Fabrication and characterization of phosphoinositide containing asymmetric vesicles in physiological salt conditions
Abstract
Phosphoinositide (PIPs) lipids mediate a broad range of physiological functions by attracting proteins at specific time points to distinct cellular sites. Many of these processes are associated with the local accumulation of PIPs and PIP/protein signaling platform formation. Studies aimed at determining the physicochemical underpinnings of PIP domain formation were limited to model systems that exhibited the same lipid composition in both bilayer leaflets.

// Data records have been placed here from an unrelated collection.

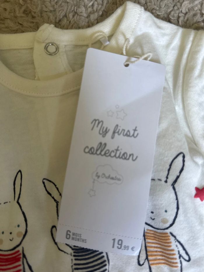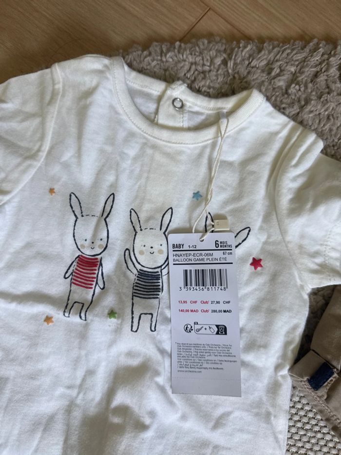 Neuf avec étiquette ensemble tee shirt et short taille 6 mois lapin Orchestra valeur 20€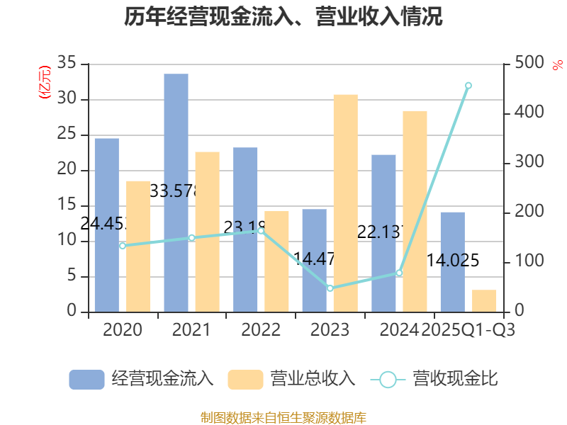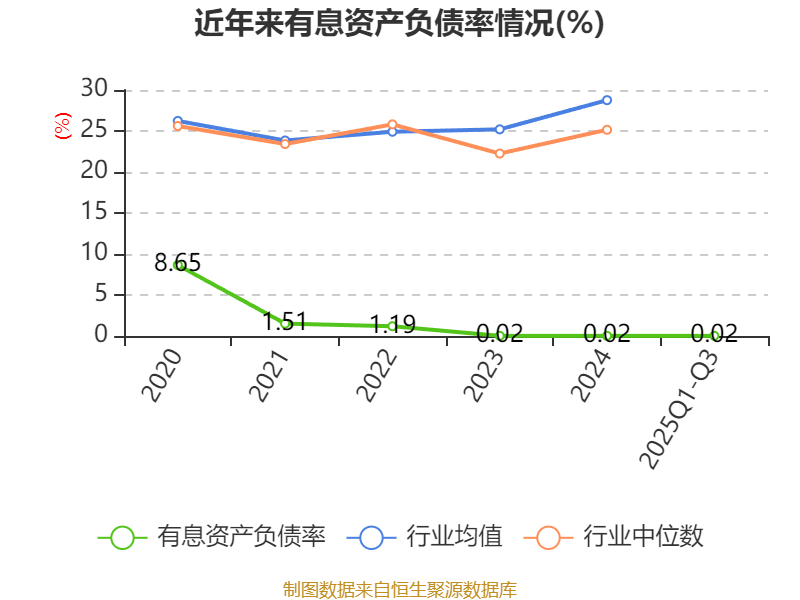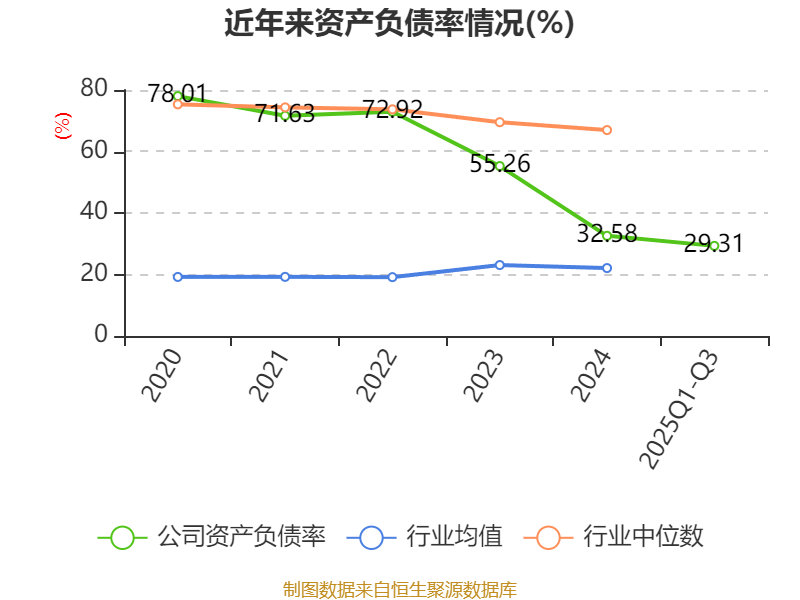 2025年前三季度,公司流动比率为3.22,速动比率为0.64。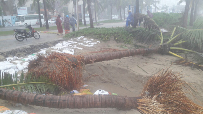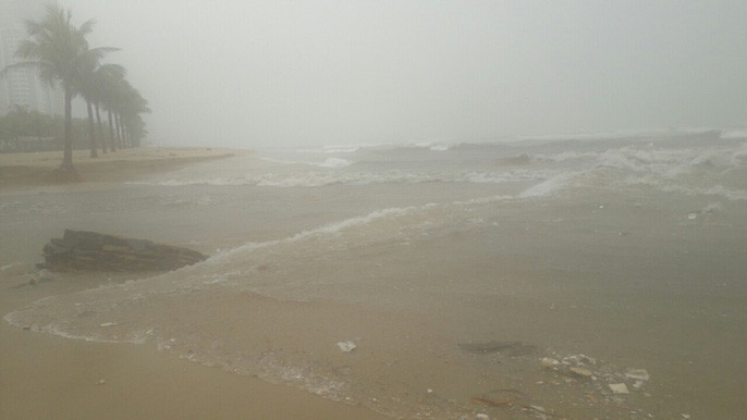 Gần 1 km bờ biển Mỹ Khê thuộc địa bàn quận Ngũ Hành Sơn và Sơn Trà (TP Đà Nẵng) đang tiếp tục bị sạt lở và chưa có dấu hiệu dừng lại do mưa lớn kéo dài.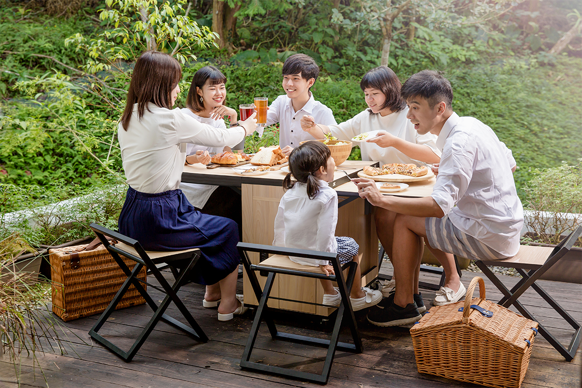 桌面展開成八人座的尺寸之後,除了可用來當餐桌外

However, biological membranes are asymmetric, and it is desirable to develop an experimental approach that allows for the fabrication of lipid model systems with an unsymmetric lipid bilayer, i.e., a membrane mimic that exhibits a PIP containing lipid mixture in one leaflet and a different lipid composition in the opposing leaflet. We adapted the previously introduced hemifusion method for the fabrication of asymmetric Giant Unilamellar Vesicles (aGUVs) for the fabrication of aGUVs with phosphatidylinositol-(4,5)-bisphosphate (PI(4,5)P2) in physiological ionic strength buffer solution. The general method involved the bivalent cation-initiated fusion of a symmetric GUV (sGUV) with solid-supported lipid bilayers, which leads to the exchange of the outer leaflet of the sGUV. We find that initiating the hemifusion with 6 mM Ca2+ leads to a low yield and quality of the aGUVs. We attribute this to macroscopic Ca2+/PI(4,5)P2 domain formation of the solid support lipid bilayer (SLB), which leads to the interaction of the sGUVs with regions enriched in PI(4,5)P2 (domain) and other areas that are void of the PIP lipid. Using 6 mM Mg2+ as the initiator instead led to an improvement in terms of yield and aGUV quality. The best results were obtained when using 1 mM Mg2+. We are introducing several data analysis approaches that allow for the identification of aGUVs that exhibit high quality in terms of the outer leaflet exchange and composition of the two aGUV leaflets.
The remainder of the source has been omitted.